In August I posted the following…

HP Killing Off TouchPad, Pre – $1.2 Billion Down The Drain?
…HP reported that it plans to announce that it will discontinue operations for webOS devices, specifically the TouchPad and webOS phones. HP will continue to explore options to optimize the value of webOS software going forward.
HP if you’re going to kill it, open source it – or at least consider giving it away, just like google is doing with Android. On a related note, there will be about 250,000 HP tablet flooding the market, below cost soon. It will be interesting to see what makers do with them.
Related:
If You’re Going To Kill It, Open Source It!…
And here’s a press release from late last week – looks like open source is becoming a good way to exit and return value when a product ends.
“webOS is the only platform designed from the ground up to be mobile, cloud-connected and scalable,” said Meg Whitman, HP president and chief executive officer. “By contributing this innovation, HP unleashes the creativity of the open source community to advance a new generation of applications and devices.”
HP will make the underlying code of webOS available under an open source license. Developers, partners, HP engineers and other hardware manufacturers can deliver ongoing enhancements and new versions into the marketplace.
HP will engage the open source community to help define the charter of the open source project under a set of operating principles:
- The goal of the project is to accelerate the open development of the
webOS platform
- HP will be an active participant and investor in the project
- Good, transparent and inclusive governance to avoid fragmentation
- Software will be provided as a pure open source projectHP also will contribute ENYO, the application framework for webOS, to the community in the near future along with a plan for the remaining components of the user space.










This is great news. The open source community can bring a lot of resources to this product. I hope that this project is as successful as the open source unix groups.

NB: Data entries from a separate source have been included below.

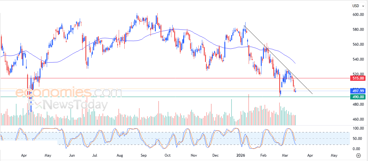 Portanto, esperamos que o preço das ações caia durante as próximas sessões de negociação, desde que a resistência em US$ 515,00 permaneça intacta, visando o nível de suporte em US$ 490,00.
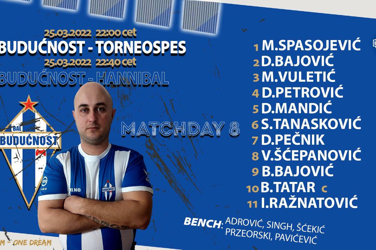 Budućnost će nastupiti u sastavu: Marko Spasojević, Marko Vuletić, Dalibor Petrović, Danilo Bajović, Drago Mandić, Stefan Tanasković, Domen Pečnik, Vučeta Šćepanović, Ivan Ražnatović, Bojan Tatar i Boris Bajović.
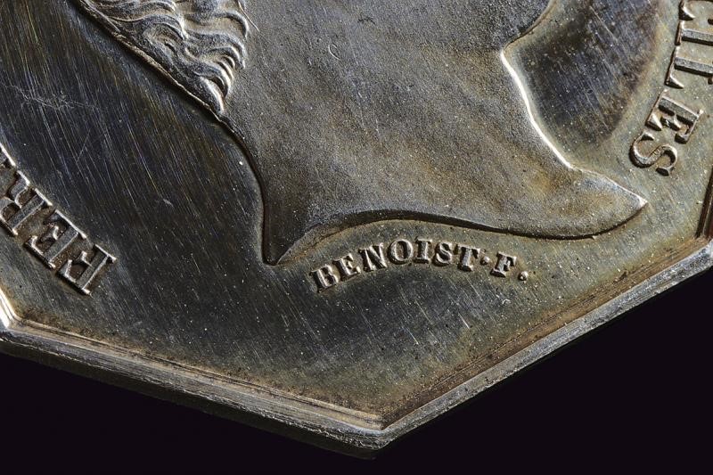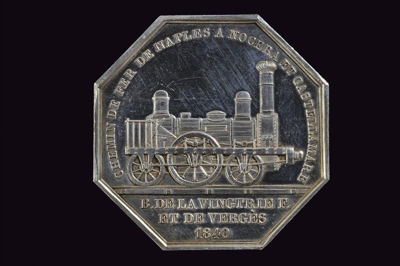For the inauguration of the Naples-Nocera-Castellamare railway. Of octagonal shape. On the obverse, bust (right) and inscription "FERDINAND II ROI DES DEUX SICILES". Opus Felix Benoist. On the reverse, image of a steam locomotive and inscription "CHEMIN D
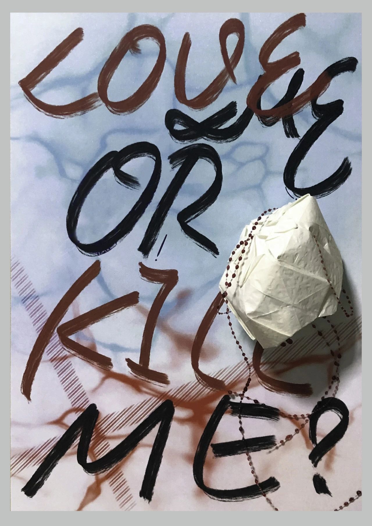 设计理念:以保护海洋生物为主题,整个画面使用海洋的水波纹为底部背景,上半部分的蓝色海洋与“love”相呼应,下半部分的海洋被血液污染透出红色,呼应“kill”。上方字母以烫蓝水母为点缀,画面中央以折纸水母为主体,红色钓鱼线与血滴缠绕水母,呼吁人们禁止污染。底部红色条纹化用黄色警戒线,突出警示意味。
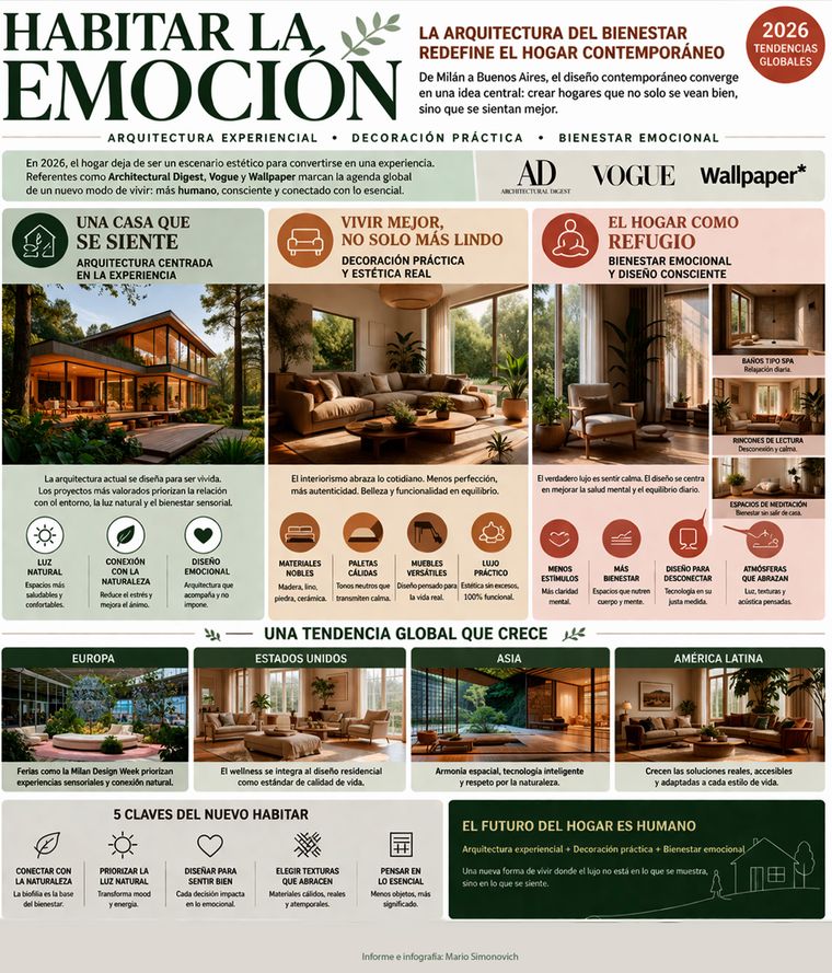 Publicaciones internacionales coinciden en que los proyectos más valorados hoy son aquellos que logran generar emociones positivas, calma y conexión con la naturaleza. El espacio deja de imponerse: ahora acompaña.

This solution to providing a free mobile OS is superior to the Android model where one company is driving the product even though the product is officially open source. As a developer I would much rather align myself with Apple and open source communities. Google is a little too flaky to bet your future on their sustainability.
WINNING!
This is super exciting. I have an old desktop gathering dust; I’d love to run WebOS on it…
It’s nice to be right. I actually suggested that. And suggested that they should give away developer devices to the crowds (interested ones only) at the Maker Faires.